_What this task involves_: Copy the data that follows exactly as it is, excluding all pictures.

_Information provided_:
#####

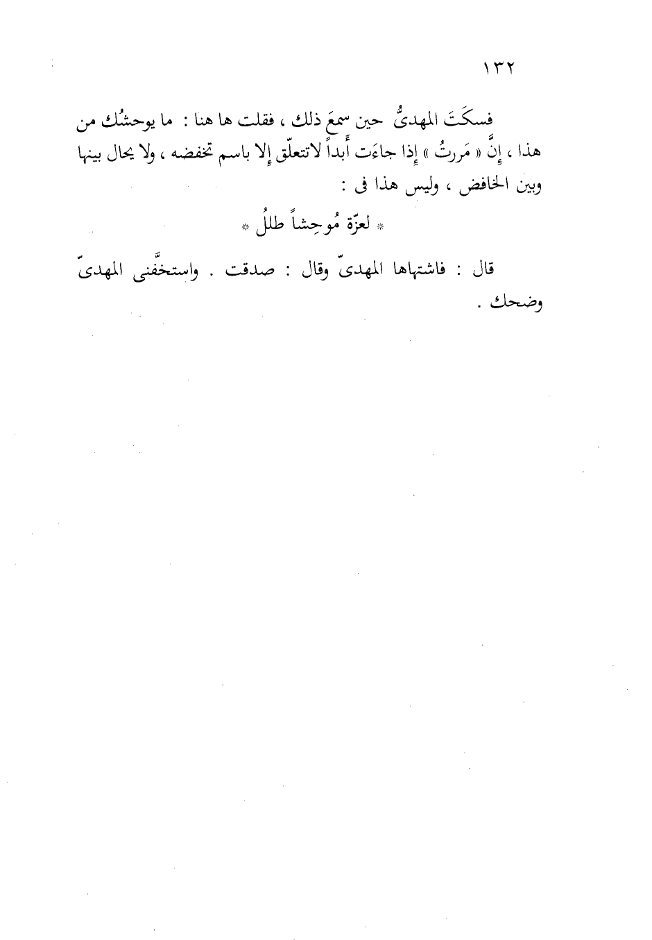فسكت المهدي حين سمع ذلك، فقلت ها هنا: ما يوحشك من هذا، إن ((مررت)) إذا جاءت أبدا لا تتعلق إلا باسم تخفضه، ولا يحال بينها وبين الخافض، وليس هذا في:
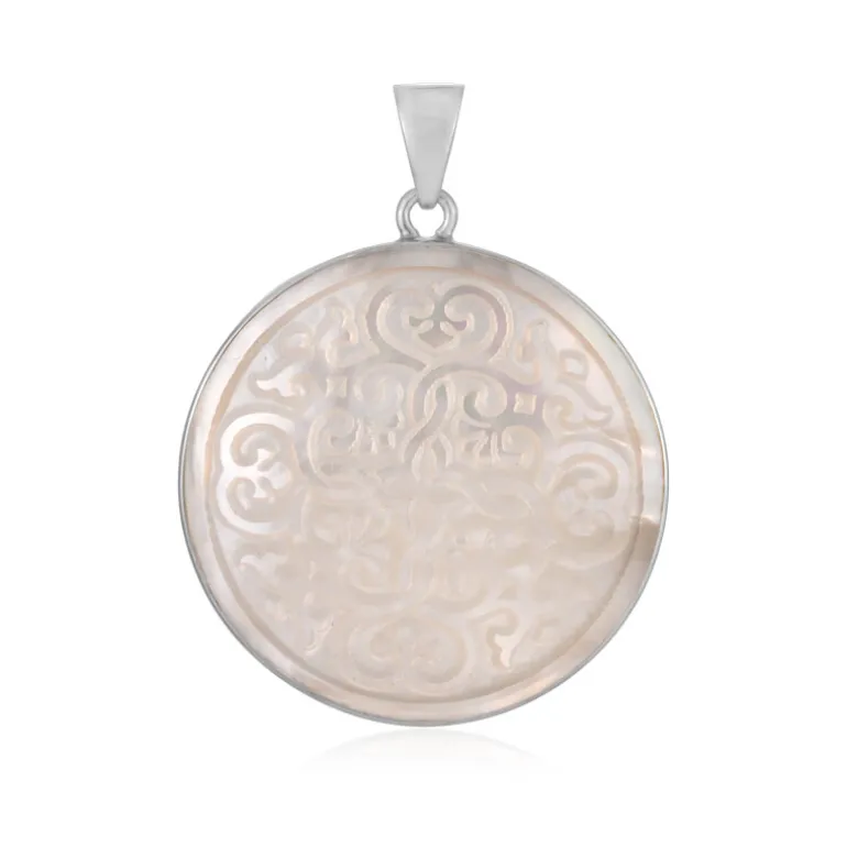 Entdecken Sie die Mystik Indonesiens mit diesem bezaubernden, von Bali Barong inspirierten Anhänger. Dieses moderne Schmuckstück ist aus schillerndem indonesischem Perlmutt geschnitzt und in 925er Sterlingsilber mit Platinfinish gefasst. Das runde, 35 mm große Ornament zeigt verschlungene Muster, die die Essenz der traditionellen balinesischen Kunst einfangen. Mit einem Gewicht von ca. 2,2 Gramm ist dieser Anhänger mit seinem bezaubernden Charme ideal, um sowohl legere als auch formelle Kleidung mit einem Hauch von Eleganz zu versehen.
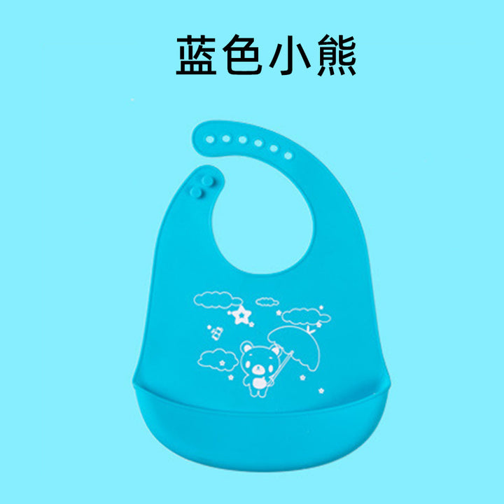 New children's bib rice pocket baby waterproof rice pocket children's printed animal solid co...

#####

_Answer for the task_:
فسكت المهدي حين سمع ذلك، فقلت ها هنا: ما يوحشك من هذا، إن ((مررت)) إذا جاءت أبدا لا تتعلق إلا باسم تخفضه، ولا يحال بينها وبين الخافض، وليس هذا في:
 Entdecken Sie die Mystik Indonesiens mit diesem bezaubernden, von Bali Barong inspirierten Anhänger. Dieses moderne Schmuckstück ist aus schillerndem indonesischem Perlmutt geschnitzt und in 925er Sterlingsilber mit Platinfinish gefasst. Das runde, 35 mm große Ornament zeigt verschlungene Muster, die die Essenz der traditionellen balinesischen Kunst einfangen. Mit einem Gewicht von ca. 2,2 Gramm ist dieser Anhänger mit seinem bezaubernden Charme ideal, um sowohl legere als auch formelle Kleidung mit einem Hauch von Eleganz zu versehen.
 New children's bib rice pocket baby waterproof rice pocket children's printed animal solid co...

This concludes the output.